Rank of sample covariance matrix

[fmilano]

I was reading Turk and Pentland paper 'Eigenfaces for recognition' and they assert that, if M < N, the maximum rank of a covariance matrix is M - 1, being M the number of samples and NxN the size of the covariance matrix.

Is there any simple demonstration of this fact?

Thanks in advance,

Federico

 

[brian44]

This seems incorrect to me, it should be M.

The reason is we usually capture the covariance matrix using X*X' where X is an NxM matrix of N features by M observations (usually we normalize X so that each row [feature] has mean 0 and variance 1, or some similar process, so that we are getting the standard covariance estimate).

Then of course the rank of X*X' can be at most M for M < N because you may view applying the transformation X*X' as applying the transformation X' followed by applying the transformation X. Then because X' is an MxN matrix taking R^N to R^M, so its range (i.e. rank) cannot be greater than the dimension of R^M, namely M. Then, X takes R^M to a subspace of R^N, with dimension no greater than M (this follows from linear algebra, but you may simply think about it like this: X is taking the entire subspace of R^M (the range of X') to somewhere in R^N, since it is a linear function, it cannot fill up more of R^N then what is put into it, namely it cannot output more than the image of X on the subspace of R^M, so again the dimension of the range is no greater than M). Thus X*X' can have rank no greater than M.
(Note also I use X' to denote transpose of X and R^n, assuming real number system).

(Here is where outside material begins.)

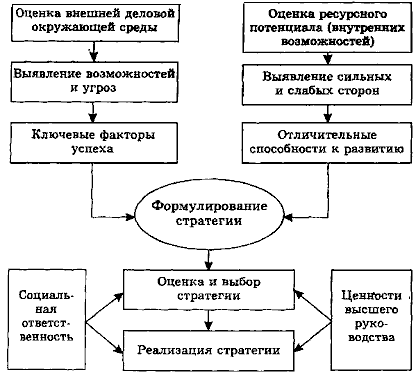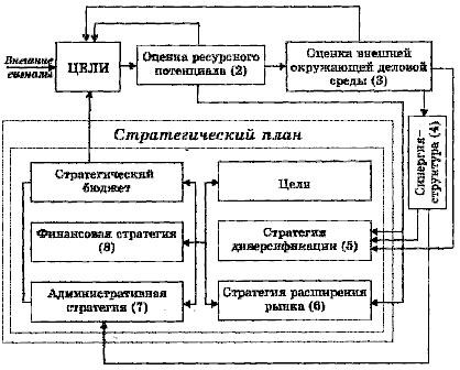 Согласно этой модели процесс стратегического планирования начинается с определения первоначальных целей развития предприятия, которые являются реакцией на внешние сегменты. В соответствии с этими целями проводится анализ и оценка ресурсного потенциала предприятия и внешней деловой окружающей среды. Целью такого рода анализа является выявление возможностей для принятия основных стратегических решений по дальнейшему проникновению на рынки сбыта и диверсификации производства.

Assuming this is what they mean by covariance matrix, it is easy to come up with a counter-example to the rank = M-1 claim, unless there is more information missing, i.e. some other constraint given on the variables. In fact generate a random NXM matrix X and take the covariance matrix, or equivalently normalize it properly and take X*X' and most of the time the rank will be M.

 

[DrGreg]

brian44's argument shows that the rank can be no greater than M but nevertheless it could be less (as he hints), depending on what the data actually is.

I had a look at Turk and Pentland's paper (Eigenfaces for recognition) and in their case the M columns of X (or A in their notation) are not independent because they have subtracted the mean column from each column (i.e. the sum along each row is zero). In their notation, Φ_i = Γ_i - Ψ. This constraint reduces the rank by one.